This Poem was Critiqued By: Jordan Brendez Bandojo On Date: 2004-01-14 22:48:29
Critiquer Rating During Critique: 10.00000
Hi Marilyn, This poem is embellished with lavish descriptors that I could feel your mind soaring so high! I should give a special mention to the phrase: "yawning land" ---- fantastic! "tawny grain" ---- 'tawny' seems to bibe with the 'w' and 'y' in 'yawning' "Slithering night" --- adds the image more abstract "wily winds" --- like the allits, it is waving! The verbs you used are also superb and they are apt: shadows 'cloak' the yawning land --- what a personification you have here! winter's noon 'cradle' seas of shadows --- 'cradle' is energizing, it seems to energize the yawning and finally, you have the superb ending: "wily winds wave adieu to shadow's last sigh" ---whew! I don't want to bid adieu to this writing! just a little comment here: Slithering night folds it's shade --- (is should be "its", no apostrophe) THanks for enjoyablre read, Marilyn!
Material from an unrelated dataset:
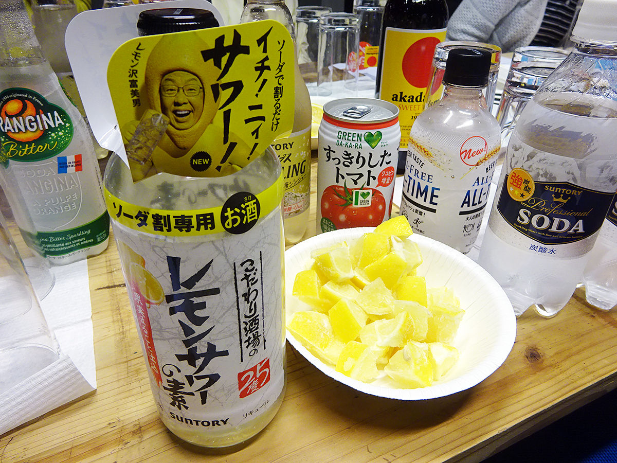 たっぷりの氷に、レモンサワーの素:ソーダ=1:3の割合で注ぐだけ!酔っ払ってても作れる!(笑)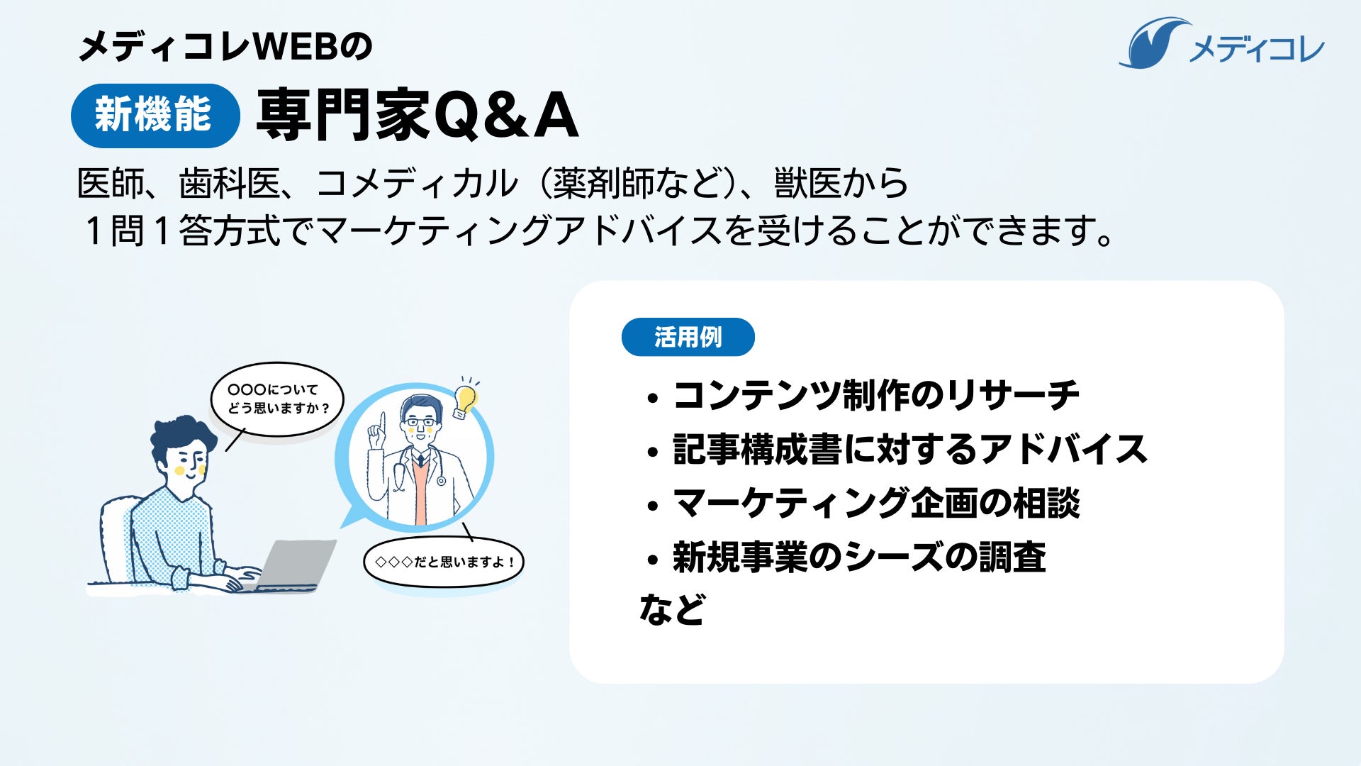 専門家Q&A機能が追加されたメディコレWEBとは?

This Poem was Critiqued By: arnie s WACHMAN On Date: 2004-01-14 18:10:29
Critiquer Rating During Critique: 8.33333
From morning to dark this is a lovely poem full of colour and action and descriptive passages. It, the poem is well laid out and flows freely. It brought me right into the scene from beginning to end...and then I sighed because it was over. Lovely stuff. Thanks for posting.